Detailed problem description:
External IP of mailserver: 42.8.5.2 (changed for example)
Internal IP of mailserver: 10.2.1.100 (changed for example)
DNS-name of mailserver (split DNS): mail.domain.it
That means: ping domain from outside our LAN = IP is 42.8.5.2
ping domain from inside our LAN = IP is 10.2.1.100
We are testing the mailserver with: telnet mail.domain.it 143 and telnet 42.8.5.2 143
The problem is: it works - sometimes...
Firewall tells us: connection (TCP) established
But if we test with telnet from different WAN-line or by LTE we cannot always connect with telnet.
Two lines do work, other lines do not work...
Our log does not tell us any blocked situation.
Our configuration:
OpenVPN-client to IP-Provider (Portunity) to get a fixed IP.
WAN-DialIn with Fritzbox-Routers. Opnsense ? exposed host.
IP of Routers: 10.3.201.1 | 10.3.202.1 | 10.3.203.1 - mmh, one LAN interface does have the same IP range, but different Mask.... opnsense has fixed IPs according to those IPs: 10.3.201.2 | 10.3.202.2 | 10.3.203.2
Mask: 255.255.255.0
Could that be part of the problem?
On the Portunity-Interface we have the following firewall rules:
Rule on "WAN-Portunity":
Proto Source Port Destination Port Gateway Schedule Description
IPv4 TCP * * 10.2.1.100 25 * NAT
IPv4 TCP/UDP * * 10.2.1.100 587 * NAT
IPv4 TCP/UDP * * 10.2.1.100 143 * NAT
_____________
Rule on "DMZ" (where the mailserver is located):
Proto Source Port Destination Port Gateway Schedule Description
IPv4 * * * DMZ net * *
...
IPv4 * 10.2.1.100 * * * WAN_Portunity
...
_____________
NAT Port Forwarding
Source Destination NAT
If Proto Address Ports Address Ports IP Ports
WAN_Portunity TCP * * * 25 10.2.1.100 25
WAN_Portunity TCP/UDP * * * 587 10.2.1.100 587
WAN_Portunity TCP/UDP * * * 143 10.2.1.100 143
Comment: we put also our external IP (42.8.5.2) as destination address in those rules - no difference. We used TCP/UDP for Ports 587+143 just for testing, whether StartSSL could cause our problem.
_____________
NAT Outbound manual rule
Source Destination NAT Static
If Source Port Destination Port NAT Address Port Port
WAN_Portunity 10.2.1.100/32 * * * WAN_Port_addr. * NO
Does anybody have a clue, what we made wrong???
Thanks for your support!
Regards, Markus
-
You may have a multi wan issue. Can you try to mark the connection as "sticky".
-
Dear Fabian,
thanks for your hint.
We did the following:
1. We changed the IP range of the WAN-Routers and Gateways:
192.168.1.1/24 | 192.168.2.1/24 | 192.168.3.1/24
IP of opnsense-Interfaces now:
192.168.1.2 | 192.168.2.2 | 192.168.3.2
Gateways do work.
2. We marked the connection as "sticky". No real change in behaviour...
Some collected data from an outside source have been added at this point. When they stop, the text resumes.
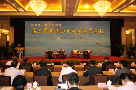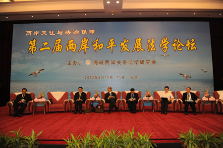 2013年8月14日上午,第二屆兩岸和平發(fā)展法學(xué)論壇在北京會議中心隆重開幕。論壇的主題為“兩岸交往與法治保障”。來自兩岸法學(xué)界、法律界專家學(xué)者共180余人出席論壇。中國法學(xué)會常務(wù)副會長劉飏、海峽兩岸法學(xué)交流協(xié)會理事長廖正豪、中央臺辦、國臺辦副主任孫亞夫先后在開幕式上致辭。論壇由海峽兩岸關(guān)系法學(xué)研究會(簡稱海研會)主辦,海研會會長張福森主持了開幕式。
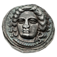 Pharnabazos (379-374 a.C.) - Statere - Zecca: Tarsos - Diritto: testa di Ninfa di fronte, leggermente rivolta a sinistra - Rovescio: testa maschile a destra con elmo attico ornato e crestato - gr. 10,60 - Splendida patina, SPL
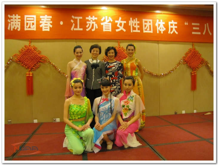 3月7日下午,我校大学生文化艺术指导委员会秘书长、艺术教育中心主任、艺术学院副院长杨莉莉教授作为江苏省女高知联代表,参加了由江苏省妇联举办的“满园春色”三•八国际劳动妇女节联欢会。江苏省妇联主席张京霞参加了活动。 在这次活动中,杨莉莉教授带领我校青年教师路漫漫、李珊珊以及三位艺术学院学生,精心编排表演了由《爱莲说》、《版纳三色》和《茉莉花》三段舞蹈组成的联舞,每人穿着不同颜色的服装,舞姿翩翩,花团锦簇,正应了“春色满园”的活动主题,赢得在场所有嘉宾的掌声。
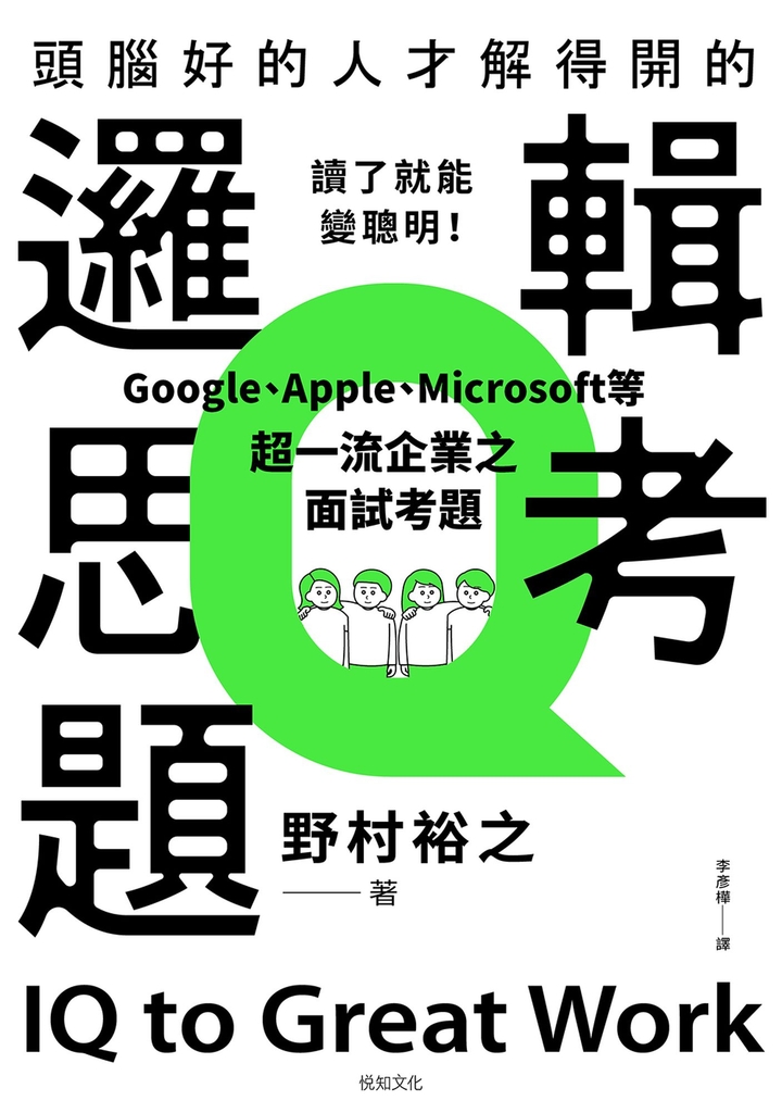 內容簡介 職場上,光靠學歷和經驗已遠遠不夠,透過Google、Apple、Microsoft等超一流企業之面試考題,培養出真正重要的「問題解決能力」!★上市一年內,火爆突破19萬冊!★2024年度商業書銷售TOP 4!★收錄了哈佛與耶魯學生也僅有17%正確率之問題!★矽谷創投家彼得・提爾將邏輯思考題視為最佳智力訓練!★讀者紛紛表示:「太有趣了,讓人停不下來!」「在朋友間引發熱烈討論。」★不需要複雜的知識或數學計算,只考驗邏輯理解。【為什麼世界級「菁英」,都喜歡鑽研邏輯思考問題呢?】這個時代所需要的,是在面對前所未見的複雜問題時,不被直覺或常識牽著走,能夠冷靜地分析情勢,並依據邏輯作出正確判斷的「思考力」。具備這種能力的人,才可稱作現代的「聰明人」。原本大學畢業後靠著打工度日的野村裕之,被挖角到上市公司工作,甚至在3年內創下了1億日圓的業績,而為他的人生帶來巨大轉變的,正是透過「邏輯問題」培養出來的精準思考。【快速改變現況、開創新局,讓你脫穎而出的5大思考能力】 邏輯思考→☑找到成功捷徑 批判思考→☑推動業績改善 水平思考→☑激發巧思 俯瞰思考→☑擬定對策 多元思考→☑品牌活化本書共收錄67道題,從經典題型到社群媒體上的熱門時事,並且按照難易度分級,由淺入深,光是解題的過程,就能建立起個人的思維迴路,像「頭腦好的人」一樣看穿事物的本質。【小試身手時間!測試看看你的邏輯程度 ʕ•͡ᴥ•ʔ】✎Q1:4名員工上班4天,可生產4個商品。請問100天生產100個相同的商品,至少需要幾名員工?(提示:答案並不是「100人」。)✎Q2:有一場活動,開始時觀眾只有1人……但每過1分鐘就增加為2倍,12分鐘後會場便座無虛席。那麼,觀眾剛好佔據會場一半時,是在開始後幾分鐘?(提示:答案並不是「6分鐘後」。)
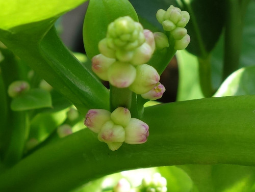 2017年10月22日、蕾がたくさん付いているのに気付きました。ツルムラサキ赤茎種の花は見たことがありますが、緑茎種の花は今回が初めてなので、楽しみです。
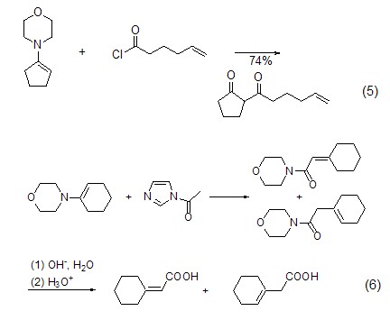 morphine enamine application although morpholine is not very active when synthesizing enamines, it has a high yield when synthesizing pyrrolidone derivatives. a typical example is the acylation of cyclopentenomorpholine enamine (formula 5)[9]. the reaction with acetylated imidazole can also form amide of morpholine enamine, and acidification is obtained after acidification (formula 6)[10].
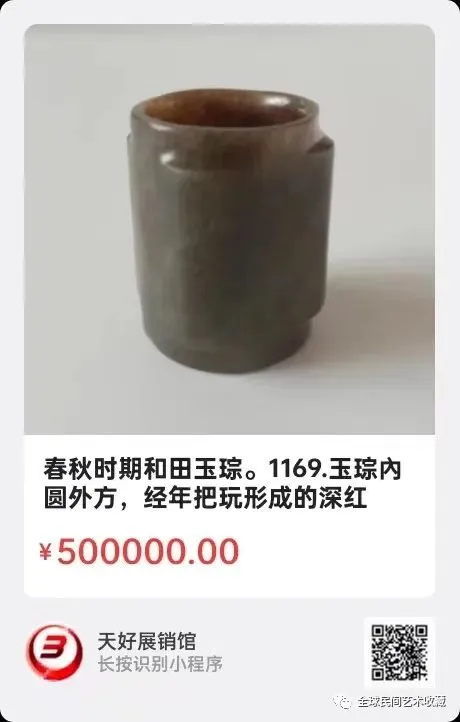 春秋时期和田玉琮。玉琮內圆外方,经年把玩形成的深红色包浆厚重温润,呈半透明,灯光下沁色饱满,更显古朴厚重感,是不可多得的高古玉珍品。玉琮长4.8公分,直径3.5公分,孔径2.9公分.重59.2克。来源:1169.
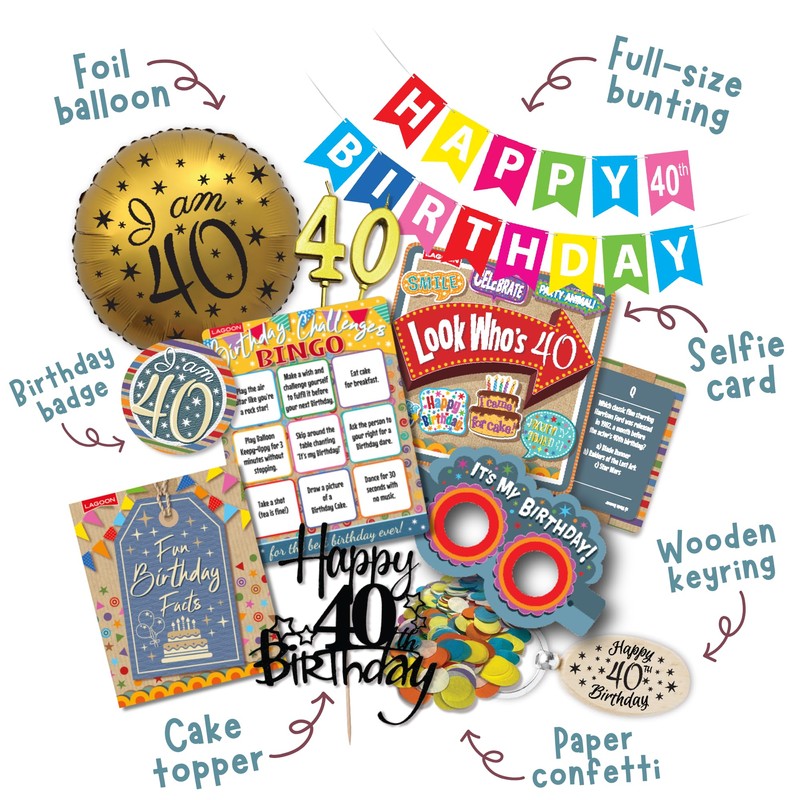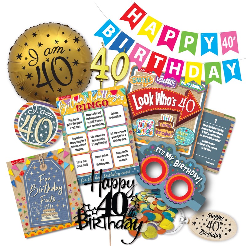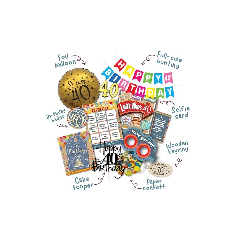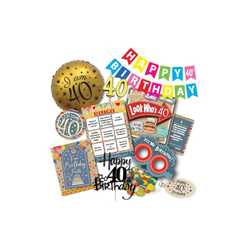 - COMPLETE BIRTHDAY KIT: All-in-one 40th birthday celebration package featuring a collection of festive items including games, decorations, and party accessories
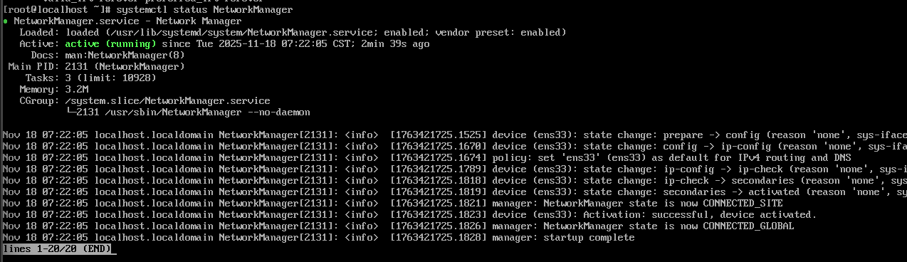 command: systemctl (start/stop/restart/enable/disable) NetworkManager

I just try to sketch the principal routing:
incoming:
Internet -> Portunity (fixed IP) -> OpenVPN client -> NAT to internal IP -> internal IP
outgoing:
internal IP -> Gateway: Portunity-VPN -> Internet
If we check the outgoing route (tracert), everything seems to work.
And more amazing: Port 25 (SMTP) with no SSL seems not to make any troubles at all.
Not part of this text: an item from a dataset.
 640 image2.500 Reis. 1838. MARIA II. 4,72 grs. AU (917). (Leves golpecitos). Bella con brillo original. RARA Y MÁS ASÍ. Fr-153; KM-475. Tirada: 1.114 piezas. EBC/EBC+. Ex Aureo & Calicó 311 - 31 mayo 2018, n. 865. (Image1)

All emails can be received and sent...
We also use the NAT outbound rule to get the packets back on the same way.
We did an external port testing - all ports are open.
We tried to connect with telnet - no answer.
In the meantime we made a fresh installation on a second place and everything is working out of the box.
Could it be, that SSL-certificates (self-issued) are filtered?
We recognized that with another site, that opnsense is filtering mailconnections and give out a "password error", although we did not activate any squid or IDS/IPS filtering.... (we just activated IDS once and deavtivated it for further testing).
Thanks, Markus
-
We did an external port testing - all ports are open.
We tried to connect with telnet - no answer.
this can happen because there is no nat reflection.
-
Hi Markus,
It's highly unlikely that this is a SSL filtering issue, traffic is not touched without IPS in place.
In most cases this revolves around rules that drop parts of the traffic, one direction not getting the packets back as expected (no NAT) or routes pointing in the wrong direction locally.
Since you also have OpenVPN this is probably where the biggest problems can arise--where MTU might matter, the protocol type used, tun vs. tap usage, etc. Sorry for not being able to be more specific here. It might help to experiment with these settings.
One questions: why steep learning curve? :)
Cheers,
Franco
-
Hi Franco,
thanks for your suggestions.
We just reinstalled the firewall and stumbled over a problem with one internet line.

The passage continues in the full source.